Required work -> Your job is to print, exactly, the lines in the data below from the line with "Our Deluxe White" through the line with "照射する光のパワーレベルやヒゲの濃さ・太さ・密度によって", both included, and to omit any picture.
-------- Exercise inputs --------
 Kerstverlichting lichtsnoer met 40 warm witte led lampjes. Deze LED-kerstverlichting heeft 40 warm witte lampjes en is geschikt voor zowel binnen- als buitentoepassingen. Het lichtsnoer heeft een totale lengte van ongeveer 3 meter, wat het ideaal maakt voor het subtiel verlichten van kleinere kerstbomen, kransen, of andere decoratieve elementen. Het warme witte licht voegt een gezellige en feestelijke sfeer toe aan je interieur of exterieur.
--------
-------- Exercise inputs --------
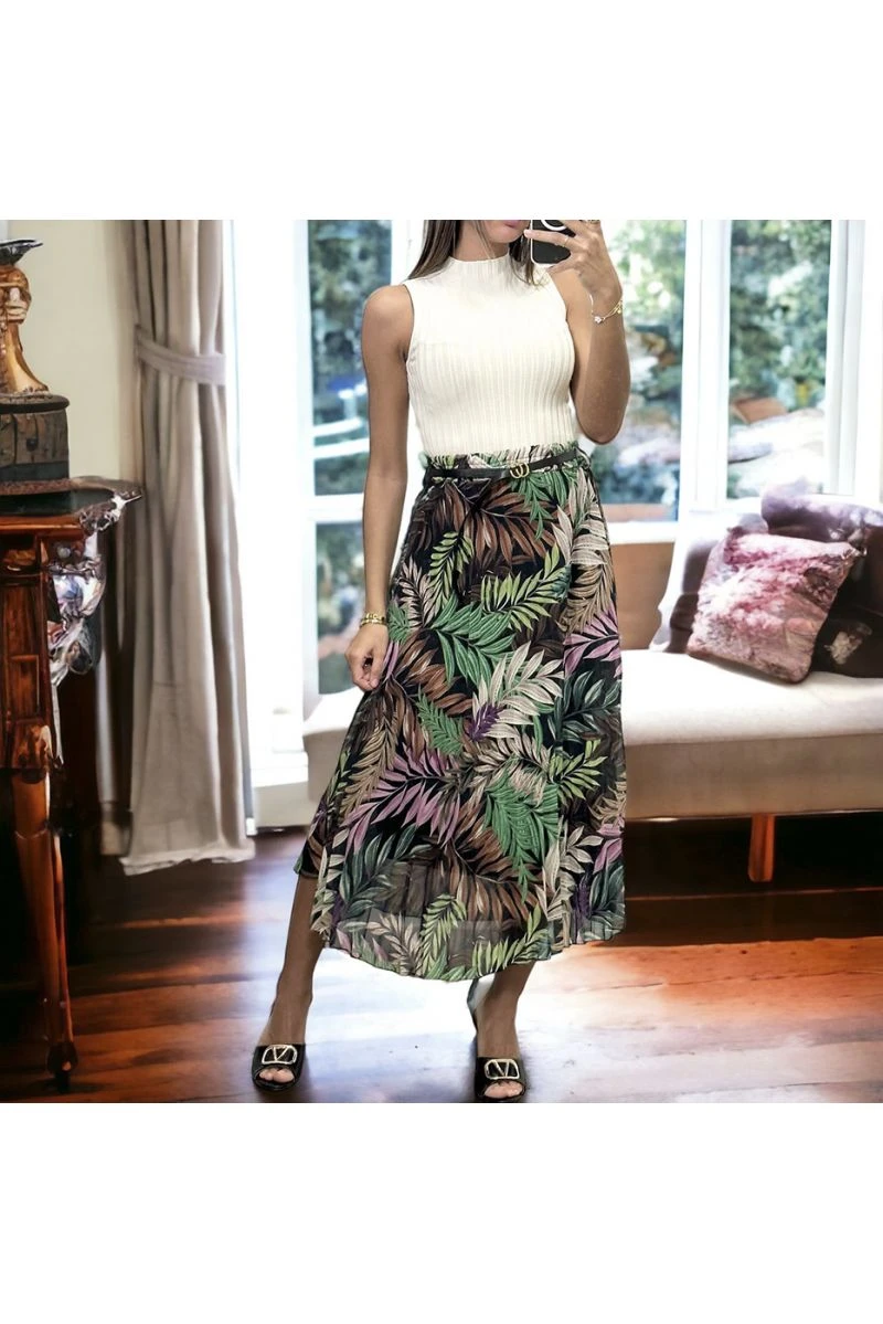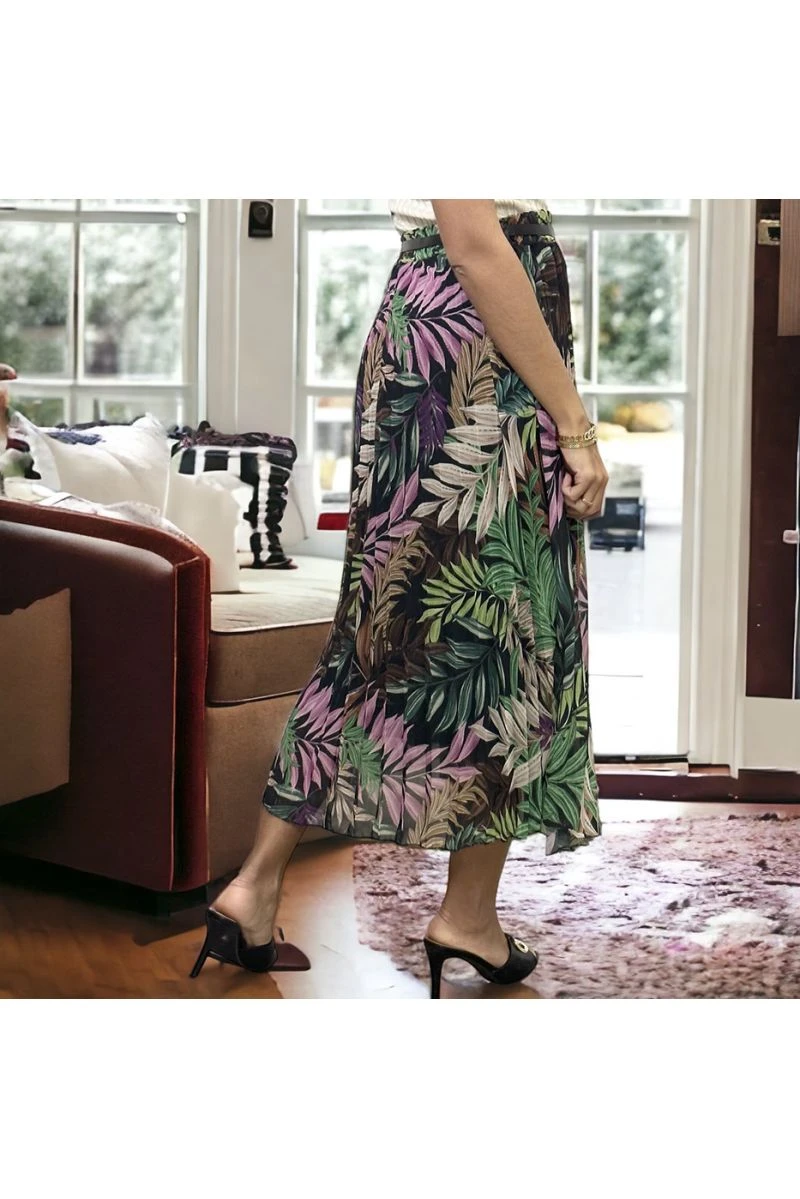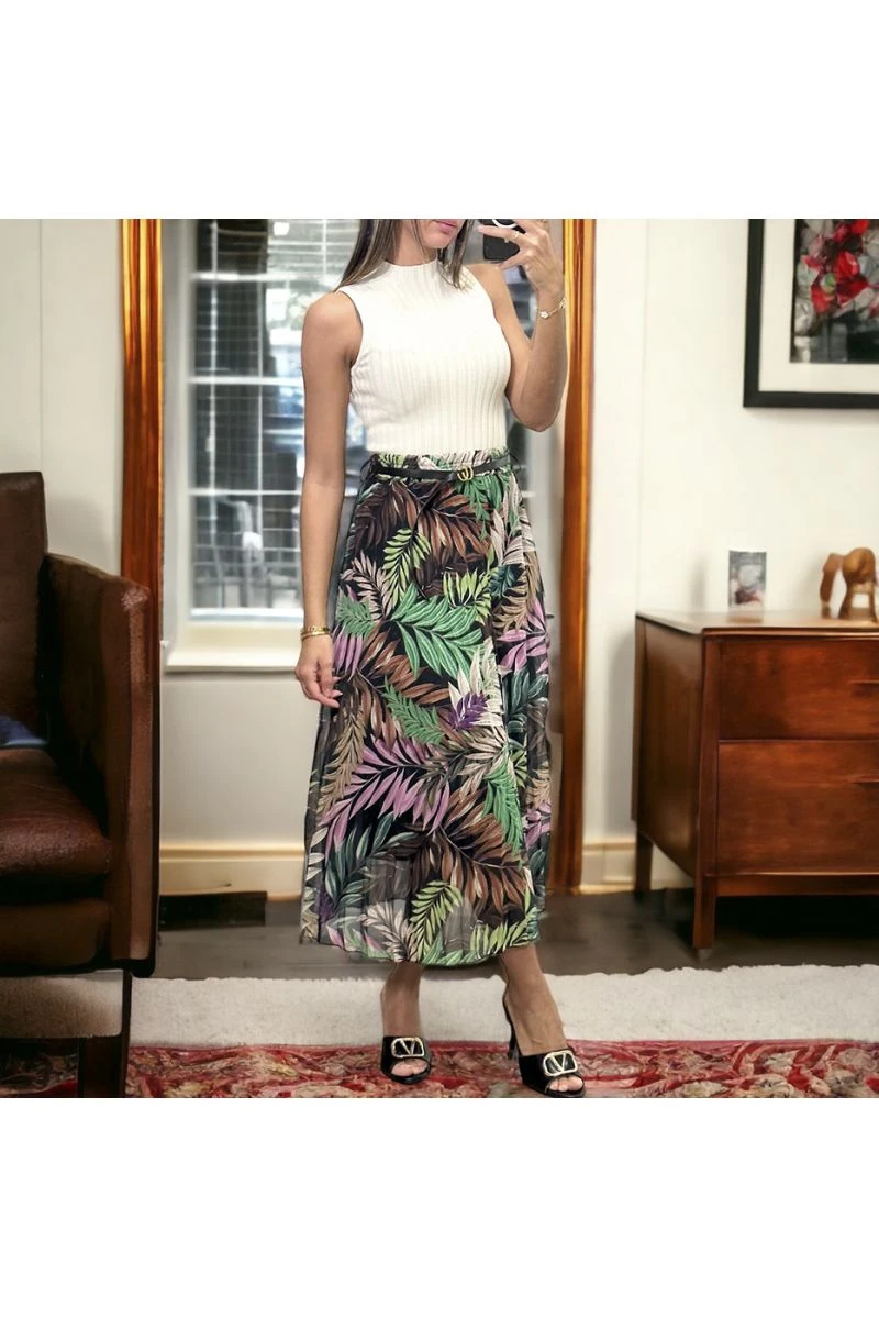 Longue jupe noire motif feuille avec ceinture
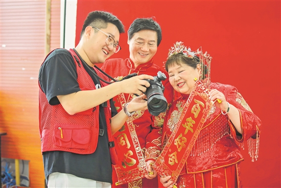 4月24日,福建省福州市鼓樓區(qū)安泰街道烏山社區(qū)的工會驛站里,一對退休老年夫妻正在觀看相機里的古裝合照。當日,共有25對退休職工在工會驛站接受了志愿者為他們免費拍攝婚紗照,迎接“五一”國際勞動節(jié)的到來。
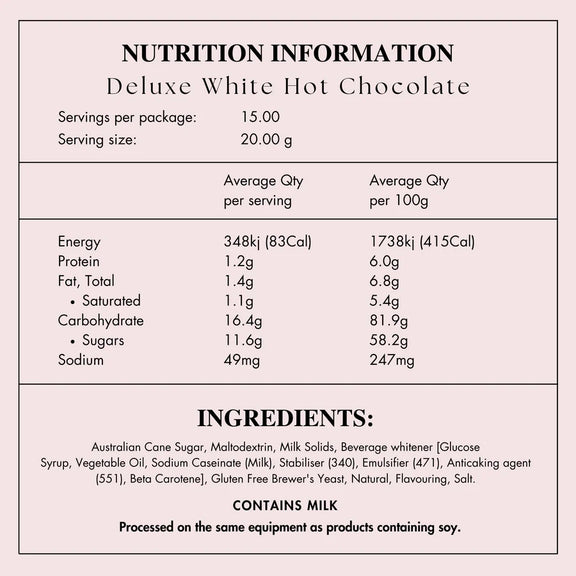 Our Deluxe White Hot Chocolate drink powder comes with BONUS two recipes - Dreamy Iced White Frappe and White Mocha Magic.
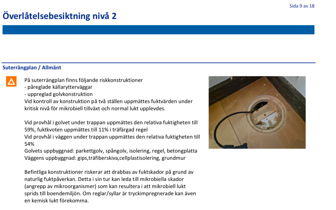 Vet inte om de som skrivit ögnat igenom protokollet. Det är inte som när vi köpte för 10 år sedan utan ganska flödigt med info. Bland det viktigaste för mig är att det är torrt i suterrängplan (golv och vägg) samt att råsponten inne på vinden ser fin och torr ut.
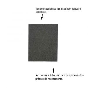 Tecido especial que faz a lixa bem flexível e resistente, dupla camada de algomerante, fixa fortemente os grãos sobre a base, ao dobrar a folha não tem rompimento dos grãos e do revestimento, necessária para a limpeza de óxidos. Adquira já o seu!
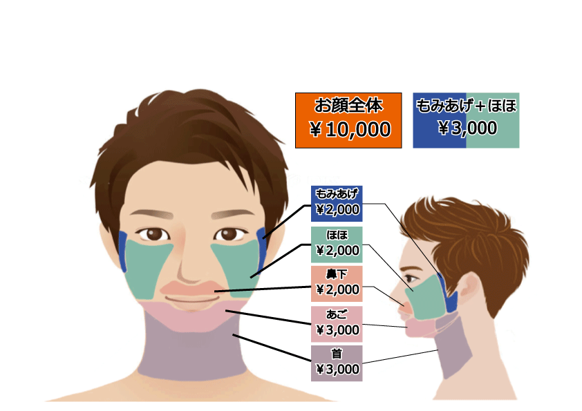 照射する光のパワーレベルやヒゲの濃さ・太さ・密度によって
--------
Task result ->
 Our Deluxe White Hot Chocolate drink powder comes with BONUS two recipes - Dreamy Iced White Frappe and White Mocha Magic.
 Vet inte om de som skrivit ögnat igenom protokollet. Det är inte som när vi köpte för 10 år sedan utan ganska flödigt med info. Bland det viktigaste för mig är att det är torrt i suterrängplan (golv och vägg) samt att råsponten inne på vinden ser fin och torr ut.
 Tecido especial que faz a lixa bem flexível e resistente, dupla camada de algomerante, fixa fortemente os grãos sobre a base, ao dobrar a folha não tem rompimento dos grãos e do revestimento, necessária para a limpeza de óxidos. Adquira já o seu!
 照射する光のパワーレベルやヒゲの濃さ・太さ・密度によって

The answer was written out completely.